Every line from the one with "鼻から出る息も白くなる。確認" through the end of the entries below must be retyped exactly, and only those lines. The pictures are not part of the copy.

[Records from a collection]

***

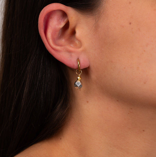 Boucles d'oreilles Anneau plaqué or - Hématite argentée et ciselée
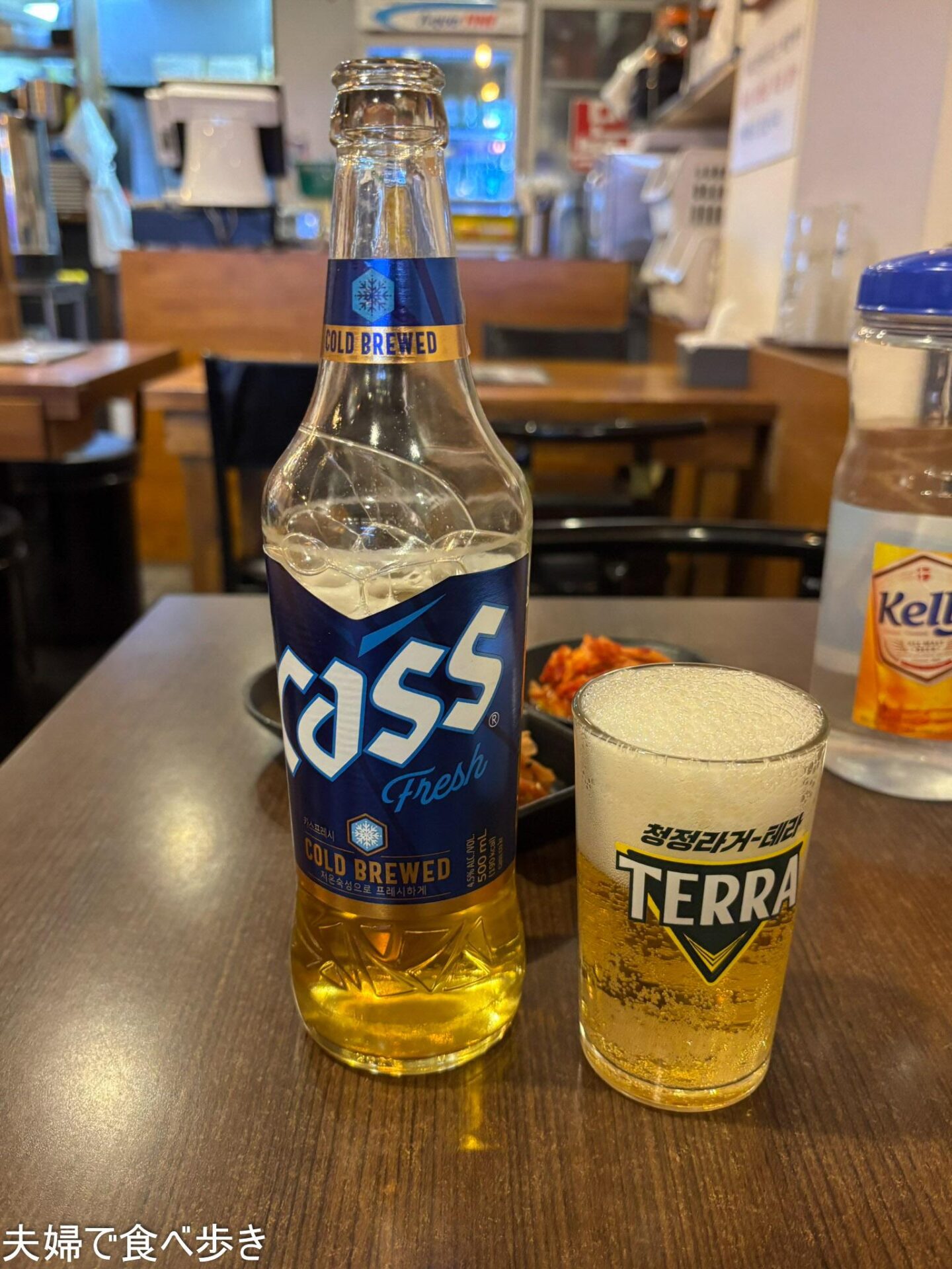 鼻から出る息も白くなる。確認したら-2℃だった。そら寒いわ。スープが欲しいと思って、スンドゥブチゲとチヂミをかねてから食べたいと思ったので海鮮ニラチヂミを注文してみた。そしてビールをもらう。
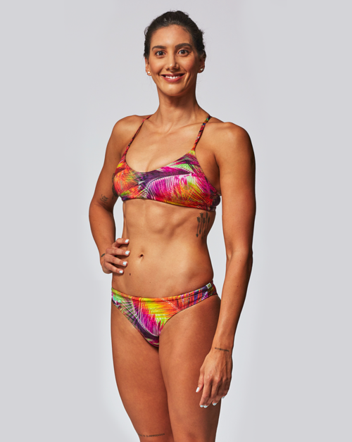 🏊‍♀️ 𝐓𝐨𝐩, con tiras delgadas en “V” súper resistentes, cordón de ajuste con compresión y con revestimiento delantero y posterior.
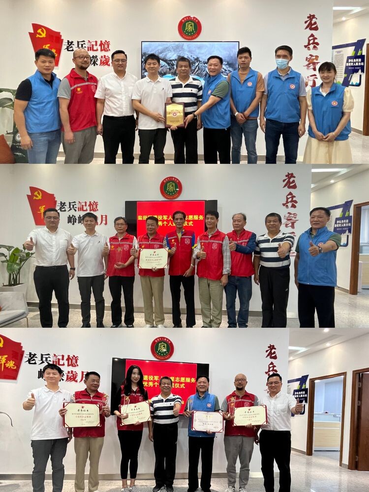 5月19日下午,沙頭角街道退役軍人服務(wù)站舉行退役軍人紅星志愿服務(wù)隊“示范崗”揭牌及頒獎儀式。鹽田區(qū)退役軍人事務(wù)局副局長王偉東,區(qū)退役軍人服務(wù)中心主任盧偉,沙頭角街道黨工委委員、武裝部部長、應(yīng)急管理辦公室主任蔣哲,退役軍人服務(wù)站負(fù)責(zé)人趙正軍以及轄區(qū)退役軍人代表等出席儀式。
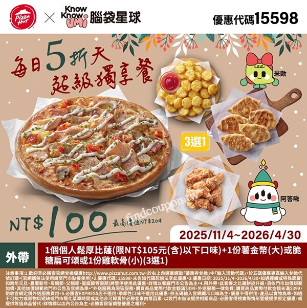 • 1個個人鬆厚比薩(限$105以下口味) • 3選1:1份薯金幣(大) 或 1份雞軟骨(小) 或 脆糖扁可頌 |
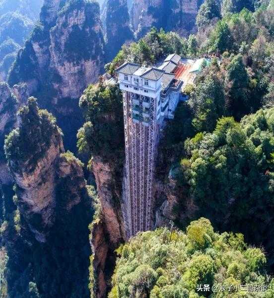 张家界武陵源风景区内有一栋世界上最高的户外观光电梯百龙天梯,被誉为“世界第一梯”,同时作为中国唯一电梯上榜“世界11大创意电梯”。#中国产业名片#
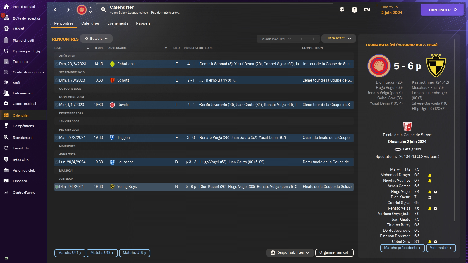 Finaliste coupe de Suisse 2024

***

Exercise answer:
 鼻から出る息も白くなる。確認したら-2℃だった。そら寒いわ。スープが欲しいと思って、スンドゥブチゲとチヂミをかねてから食べたいと思ったので海鮮ニラチヂミを注文してみた。そしてビールをもらう。
 🏊‍♀️ 𝐓𝐨𝐩, con tiras delgadas en “V” súper resistentes, cordón de ajuste con compresión y con revestimiento delantero y posterior.
 5月19日下午,沙頭角街道退役軍人服務(wù)站舉行退役軍人紅星志愿服務(wù)隊“示范崗”揭牌及頒獎儀式。鹽田區(qū)退役軍人事務(wù)局副局長王偉東,區(qū)退役軍人服務(wù)中心主任盧偉,沙頭角街道黨工委委員、武裝部部長、應(yīng)急管理辦公室主任蔣哲,退役軍人服務(wù)站負(fù)責(zé)人趙正軍以及轄區(qū)退役軍人代表等出席儀式。
 • 1個個人鬆厚比薩(限$105以下口味) • 3選1:1份薯金幣(大) 或 1份雞軟骨(小) 或 脆糖扁可頌 |
 张家界武陵源风景区内有一栋世界上最高的户外观光电梯百龙天梯,被誉为“世界第一梯”,同时作为中国唯一电梯上榜“世界11大创意电梯”。#中国产业名片#
 Finaliste coupe de Suisse 2024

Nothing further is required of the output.